Does anyone know of a good hairdresser that would call to my friends home?

Kind regards,

Elizabeth


----------



## Sherman (14 Mar 2009)

Tell your friend to give the mosque/islamic cultural centre in Clonskeagh a call - they'll be able to suggest somewhere I'm sure.


----------



## AgathaC (14 Mar 2009)

There are some hairdressers who post on here -they may be able to help. I have seen ads for mobile hairdressers around different parts of Dublin, I am not sure how far they travel, but hopefully you may find one in the area.


----------



## Brendan Burgess (15 Mar 2009)

Folks

You can answer the question asked if you have something to add.

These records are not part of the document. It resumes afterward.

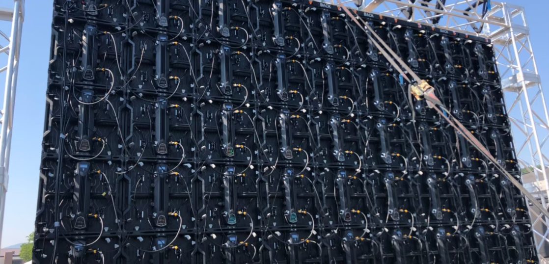 ジニーを使いトラスを組み、ビジョンを吊り金具で吊りました。
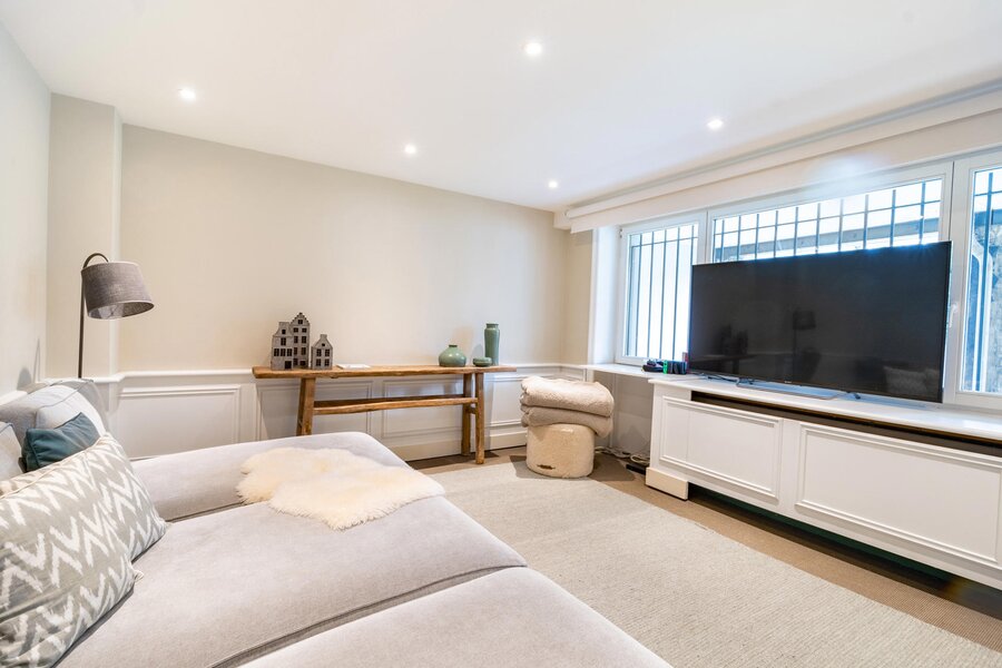 De woning bestaat op het gelijkvloers uit een inkomhal met vestiaire en gastentoiletten, recepties met open haard, eetkamer, open "Siematic" keuken en ontbijtruimte met toegang tot het terras en de tuin op het zuid/oosten. Op de eerste verdieping een hoofdslaapkamer met kleedkamer en en-suite douchekamer en een tweede slaapkamer met badkamer. Op de tweede verdieping, een kantoor, een derde slaapkamer met en-suite badkamer en terras. Op de derde en laatste verdieping is de zolder verbouwd tot speelkamer/kantoor. Het huis bestaat op de benedenverdieping uit een wasruimte, serviceappartement met een slaapkamer en een doucheruimte, toegang tot de tuin, stookruimte, werkplaats, wijnkelder, Engelse binnenplaats evenals een garage en zijn oprit. .
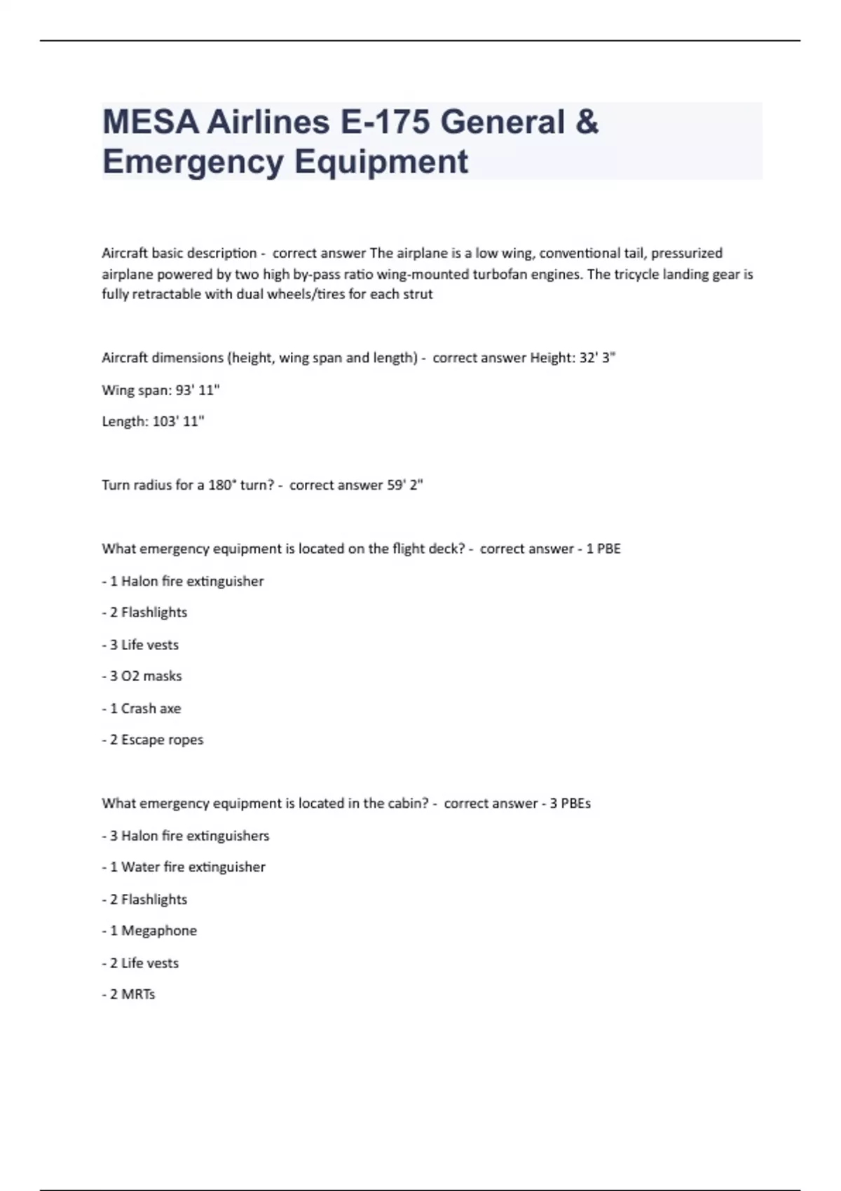 MESA Airlines E-175 General & Emergency Equipment.Aircraft basic description - correct answer The airplane is a low wing, conventional tail, pressurized airplane powered by two high by-pass ratio wing-mounted turbofan engines. The tricycle landing gear is fully retractable with dual wheels/tires for each strut Aircraft dimensions (height, wing span and length) - correct answer Height: 32' 3" Wing span: 93' 11" Length: 103' 11" Turn radius for a 180° turn? - correct answer 59' 2" What emergency equipment is located on the flight deck? - correct answer - 1 PBE - 1 Halon fire extinguisher - 2 Flashlights - 3 Life vests - 3 O2 masks - 1 Crash axe - 2 Escape ropes What emergency equipment is located in the cabin? - correct answer - 3 PBEs - 3 Halon fire extinguishers - 1 Water fire extinguisher - 2 Flashlights - 1 Megaphone - 2 Life vests - 2 MRTs - 2 Portable O2 bottles - 2 First aid kits - 1 EEMK - 1 AED Which forms and manuals must be checked during the originating/receiving checklist? - correct answer - Maintenance log can - QRH - Airworthiness certificate - Registration certificate - 2 checklists - TOLD cards Will the cockpit dome light illuminate on an unpowered airplane? - correct answer Only if the flight attendant panel 'COURTESY LIGHTS' switch is in 'AUTO' How are the emergency lights powered? - correct answer 4 ELPUs (Emergency Light Power Units) charged off the DC BUS 1 How long will the emergency lights last once illuminated? - correct answer 10 min When will the emergency lights automatically illuminate? - correct answer Provided the switch is in 'AUTO' if the DC BUSSES lose power or the airplane's electrical power is turned off, the emergency lights will automatically illuminate Where does the flight attendant check the potable water quantity and waste service tank system? - correct answer Aft flight attendant panel What does a Waste Service Tank light mean on the aft flight attendant panel? Tank Full light? - correct answer Tank is 75% full. Tank is full
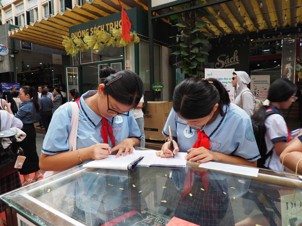 Ở trạm 8 với thử thách "Lật trang tìm chữ", nhiệm vụ yêu cầu học sinh ghi lại trích dẫn trong một trang sách có từ thể hiện tình cảm gia đình, Huỳnh Như, học sinh lớp 8/7, Trường THCS Hoàng Diệu (phường Tân Phú) chọn sách "Bám váy mẹ" của tác giả Tạ Quốc Kỳ Nam. Học sinh này cho biết nhiệm vụ tuy không quá khó nhưng gợi lên cho em nhiều suy nghĩ về tình cảm gia đình.
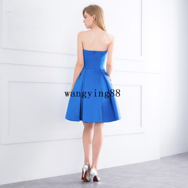 Robe De Soiree Courte Simple Satin Strapless Blue Homecoming Dress With Pockets For Teen Juniors Graduation Prom Gown White Homecoming Dresses Under 50 White Lace Homecoming Dress From Wangying 48 25 Dhgate Com
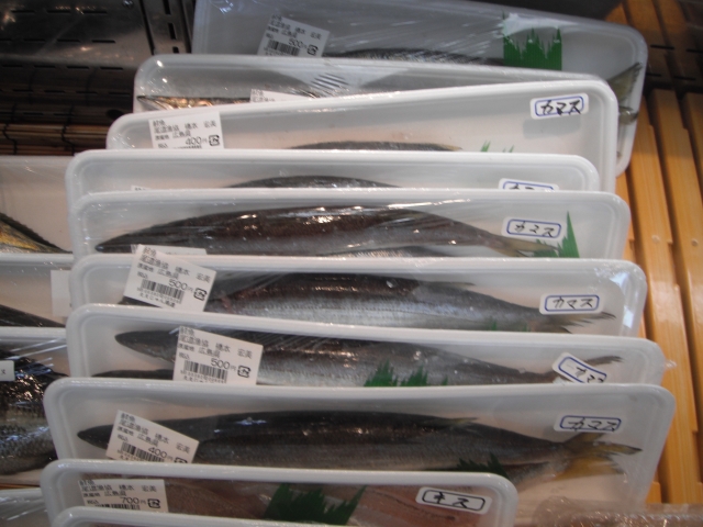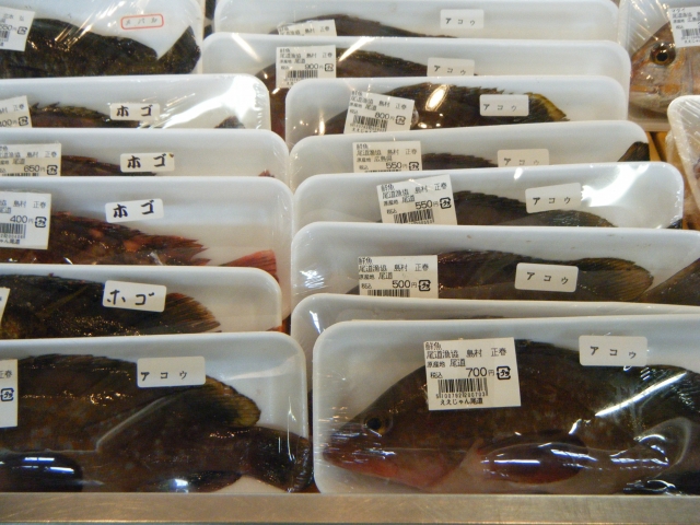 刺身やアラなども多数陳列されており、アコウのアラは煮立たせず、ゆっくり煮てソーメンつゆにすれば美味しいよ、と出荷者の話でした。贅沢なつゆですね。

If you want to let off steam, do so in the Letting Off Steam forum.

Brendan


----------



## sandrat (15 Mar 2009)

Perhaps a hairdressers that also has treatment rooms might be willing to to have a female stylist cut her hair in a private room out of sight. That way when her scarf is off she will only be in the presence of a woman and once it is back on and she is in the salon it won't matter if there are male staff or customers etc.


----------



## woodlands (15 Mar 2009)

Thank you all for your advice.


----------



## nesbitt (18 Mar 2009)

Perhaps getting hair done in the privacy of own home might be easiest for your friend.  As suggested perhaps other Muslim women  with the same issue might be able to recommend a good mobile hairdresser.  Getting hair done at home is cheaper and can also be nice social event too, with a few girlfriends around getting their hair done together.  I thought the point about a hairdresser with salon treatment room was good advice too so might be worth a try.  All the best.


----------



## Smashbox (19 Mar 2009)

A home visit from a mobile hairdresser is probably best for the lady in question.


----------



## WIFESLIST (19 Mar 2009)

Brendan said:


> Folks
> 
> You can answer the question asked if you have something to add.
> 
> ...


 I dont understand where your coming from!


----------



## extopia (19 Mar 2009)

jaybird said:


> Several rude and off topic replies have been removed.



What a shame that that has to happen.


----------



## WIFESLIST (19 Mar 2009)

jaybird said:


> Several rude and off topic replies have been removed.


 sorry  naievly i never realised. cheers


----------



## Shei (1 Apr 2009)

Sounds like a business opportunity for somebody.


----------